*What to produce*
From the listing below, reproduce word for word the part that opens with the line containing "从地图上看,地块位处269省" and closes with the line containing "An elegant white"; reproduce nothing else.

*Dataset excerpts*
──────────
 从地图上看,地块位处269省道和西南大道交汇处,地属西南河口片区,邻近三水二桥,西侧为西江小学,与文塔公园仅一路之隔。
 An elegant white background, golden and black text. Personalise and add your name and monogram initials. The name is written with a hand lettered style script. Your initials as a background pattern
──────────
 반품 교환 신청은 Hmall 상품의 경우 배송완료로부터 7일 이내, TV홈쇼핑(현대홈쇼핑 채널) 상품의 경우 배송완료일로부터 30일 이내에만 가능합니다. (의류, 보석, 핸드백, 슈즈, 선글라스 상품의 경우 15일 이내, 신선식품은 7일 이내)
──────────
*Answer*
 从地图上看,地块位处269省道和西南大道交汇处,地属西南河口片区,邻近三水二桥,西侧为西江小学,与文塔公园仅一路之隔。
 An elegant white background, golden and black text. Personalise and add your name and monogram initials. The name is written with a hand lettered style script. Your initials as a background pattern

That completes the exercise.